February 2026: AI Freakout

AI Freakout
February 19, 2026
Dow: 49,395
This is certainly what has been happening at an accelerating pace over the last few months. Many are assuming that AI is not only coming for our white-collar jobs, but for some of our largest enterprise software companies as well. Let’s try and take a few steps back and look at how the landscape might evolve over the next few years.
Every technological innovation increases productivity. But we don’t work less, or have fewer people employed, for the same amount of output or production; we produce more – at a lower marginal cost! This is the definition of progress for the human race. It raises living standards. Don’t think of AI as replacing thinking jobs, think of it as enabling you to focus and think better. AI lowers the ”cost” of cognition. It will allow you to concentrate on the most important aspects of the task.
On a simplistic basis, an increase in productivity levels will increase the value and utility of capital. This is an economist’s fancy schmancy way of saying it will allow for a greater increase in stock prices. Hooray for us investors! AI should set GDP growth on an upward trajectory.
Another benefit is lowering the price of a service increases demand for that service. Software, data, and formulated output still needs to be managed, stored, categorized, redeployed, interpreted, etc. Additionally, lower costs lead to an increase in the effective and expected uses of that service, and this may very well demand another layer, or layers, of software.
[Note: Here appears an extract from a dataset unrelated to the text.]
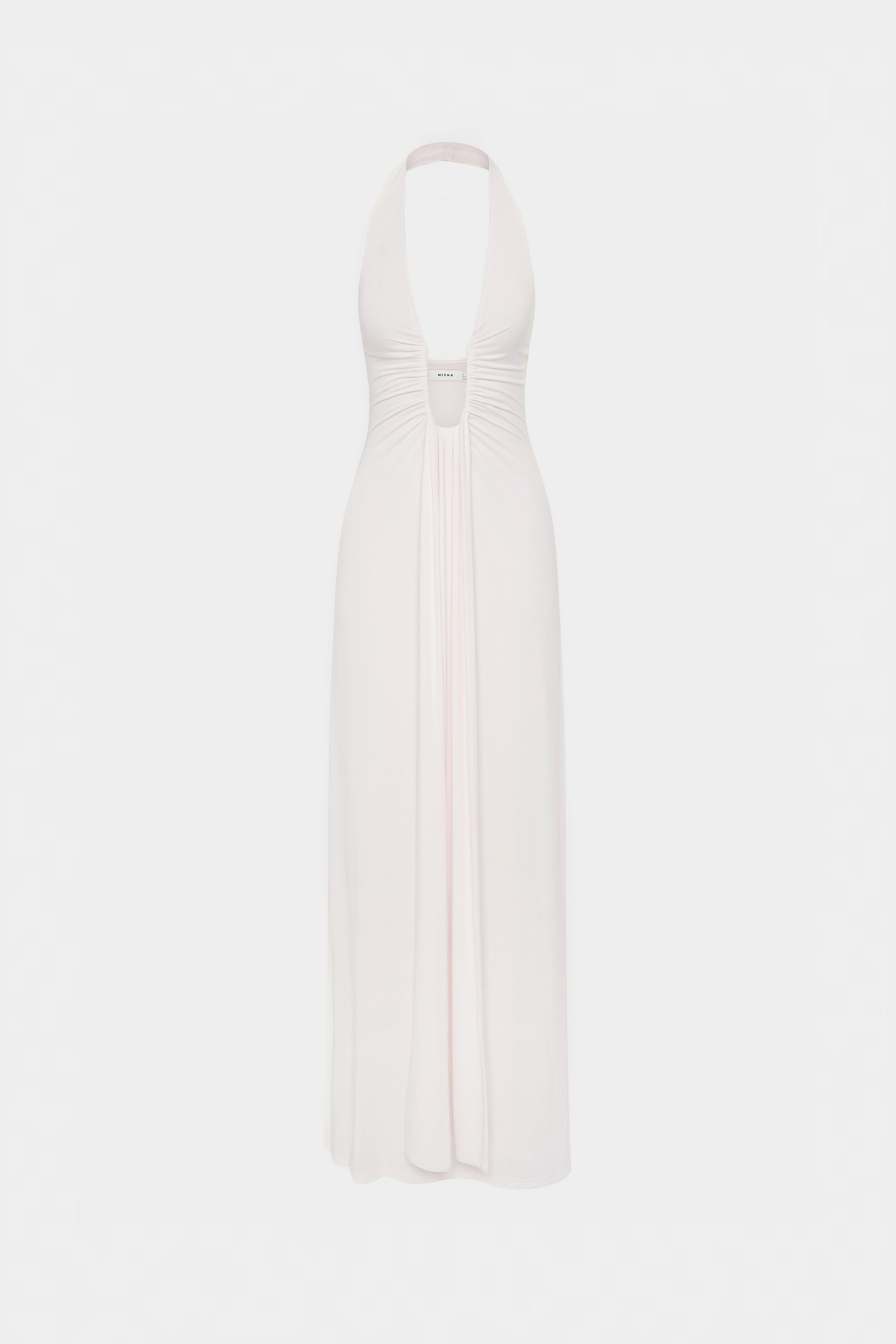 Lăsați-vă seduși de farmecul natural și fluid al acestei rochii ivoire. Țesătura sa din cupro ușor se conturează pe forme cu grație, în timp ce decolteul său adânc și drapajele subtile adaugă o notă dramatică perfectă de la zi la seară.
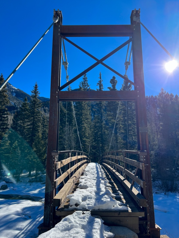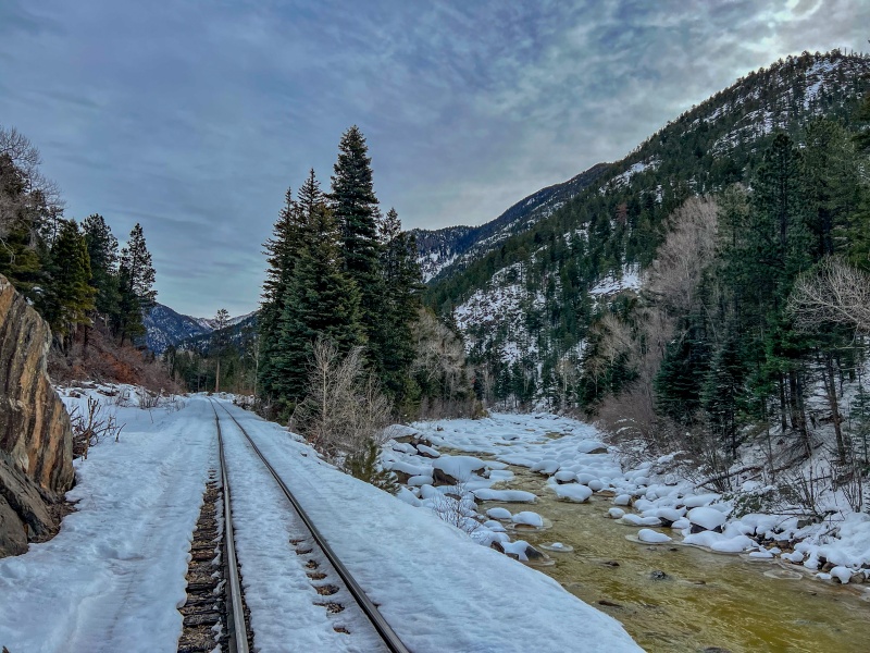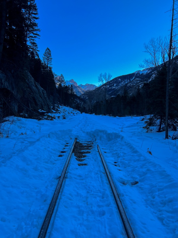 After reaching the Cascade train stop, I crossed the bridge and started following the train tracks, they were plowed for a few miles, I took off my snowshoes and carried them again.

Humans will still be in the loop, and each one of them will have equal or greater value and productivity than they did before AI. Some of us are old enough to remember fax machines, typewriters, white out, and carbon paper. Look at how far we have come in a generation — imagine how far we will progress in the next.
The danger, and opportunity, lies in the speed of the transition. Structural unemployment may spike in specific white-collar hubs, and we may need private-public partnerships for retraining. There will be far greater demands on our educational system, which unfortunately has not risen to the task in the past. There will be an increasing gap between the AI-literate and the AI-illiterate workforce, and this may push greater wage inequality. This wage gap between the skilled and unskilled has already been expanding for a few decades and is responsible for a squeezed middle class in the United States.
So far in the market, the winners have been companies directly involved in supplying the AI buildout, mainly semiconductor companies. The tech big boys, like Amazon, Google, NVIDIA, and Amazon, have had fair-to-poor stock performance so far this year. Companies related to data center infrastructure have done well. Our equity strategies strive to diversify by having exposure to different aspects of AI development and build out.
Efficiency is coming along with disruption. Imagine a property and casualty insurance company that could use AI to evaluate claims, assess risk, and feed this data back into pricing in real time. All of these non-tech companies are secondary or tertiary beneficiaries of AI development. Virtually every public company will be affected to a material degree.
There will be potholes and concerns as AI is utilized more widely. The first concern being faced now is: will revenue and profits follow the current multi-trillion dollar buildout undertaken by the largest companies in the United States? They are the only companies in the world that have the financial strength to make these huge investments over such a short period of time. We should be thankful that they are companies here in the U.S.
Regulation is another concern. How should AI be regulated? Will regulation be structured to stifle or encourage future development? Will non-U.S. regulators take a vastly different approach to the U.S. regulators? Will regulators have the competence and understanding to evaluate and make the proper decisions?
Property law is also an unknown. Will intellectual property rights stifle development? Will they limit access to useful data sets? Will effort be put into proprietary development if the rights cannot be sufficiently protected?
All of these issues are exciting, stressful, and a bit scary at the same time. We suspect the emotions are not different than at times in the past when society was on the cusp of great advancements.
As an individual, the most important action you can take is to begin to experiment with AI tools. Expose yourself to the possibilities. Be curious. Look for potential uses. It is early. A little effort will put you ahead of the vast majority of the population in understanding the possibilities and the issues with AI. An educated citizen is the best asset a country can have.
Random Thought: “Could you tell that this Viewpoint was created with the assistance of the Google Gemini AI tool?”